Quizá sea un detalle sin importancia, pero sirve como símbolo. La suspensión por primera vez en 12 años de las jornadas de puertas abiertas previstas para los días 3 y 4 de diciembre en el Congreso de los Diputados ejemplifica el alejamiento de la clase política con los ciudadanos. Tal vez sea una anécdota, otra más. Como el hecho de que las obras a las que aluden para trasladar la celebración del Día de la Constitución al Senado hagan plantearse a sus señorías celebrar los plenos en la Cámara Baja los próximos meses sin público. Unas sesiones, por cierto, a las que cada vez es más difícil acceder, y en las que los invitados deben respetar estrictas normas para no ser desalojados. O esas vallas que decoran la Carrera de San Jerónimo desde hace tiempo. Parece que mostrar tu descontento no está bien visto.

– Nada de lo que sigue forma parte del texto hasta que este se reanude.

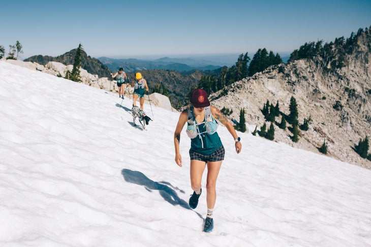 Gear: If you’re looking to duplicate our journey, I’d suggest a kit with gaiters, poles, and if it’s early season or you’re uncomfortable on snow, some microspikes. We didn’t have much trouble finding water– a 1.5L running vest was more than sufficient. We did bring packabe bowls and cool vests for the dogs, made by Ruffwear. These came in handy in the warm summer afternoon.
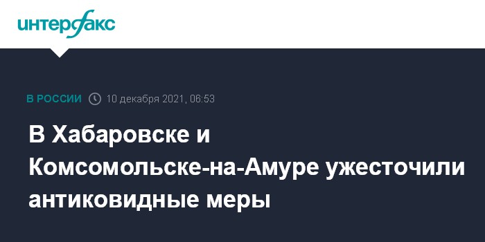Москва. 10 декабря. INTERFAX.RU - Новый пакет жестких противоэпидемических мер вводится в крупных городах Хабаровского края - Хабаровске и Комсомольске-на-Амуре, сообщает пресс-служба правительства региона.

Otra situación que entra en el debate político español a menudo y que también nos sirve como ejemplo es el uso de los coches oficiales. Y no por el motivo habitual. No vamos a resolver los problemas económicos de nuestro país reduciendo la flota de vehículos. Populismo barato, que consigue aplausos de un cierto sector de la población y que transmite una falsa imagen de austeridad. El verdadero problema de esos coches blindados, de esos conductores a su disposición, de esos guardaespaldas como armarios roperos que escoltan a los políticos de turno es que crea un abismo entre ellos y los ciudadanos. Otro más.
Un diputado nacional hacía autocrítica hace unas semanas en una entrevista y aseguraba que los políticos deberían utilizar más el transporte público. Deberían, decía. El verbo es importante en este caso. Una autocrítica relativa, un brindis al sol. No parecía que fuera a poner remedio a corto plazo. Si fueran usuarios habituales de los servicios públicos, sobre los que legislan, tal vez tuvieran más sensibilidad a la hora de practicar recortes o de minimizar el impacto de sus políticas sociales.
Si pisaran más a menudo la calle, si no vivieran en su burbuja, si hablaran de vez en cuando con sus vecinos, si escucharan más y hablaran menos, si no vivieran aislados, quizá pudieran poner freno al descontento social y al desprestigio de las instituciones que reflejan las encuestas. Luego ya sabemos que llegan las campañas electorales y es habitual encontrarse con el candidato de turno repartiendo propaganda en el mercado, en la panadería o en la plaza del pueblo. Sobre todo, si hay un fotógrafo cerca. Eso no cuenta, no es creíble. Nuestros políticos están sordos y ciegos. Mudos no.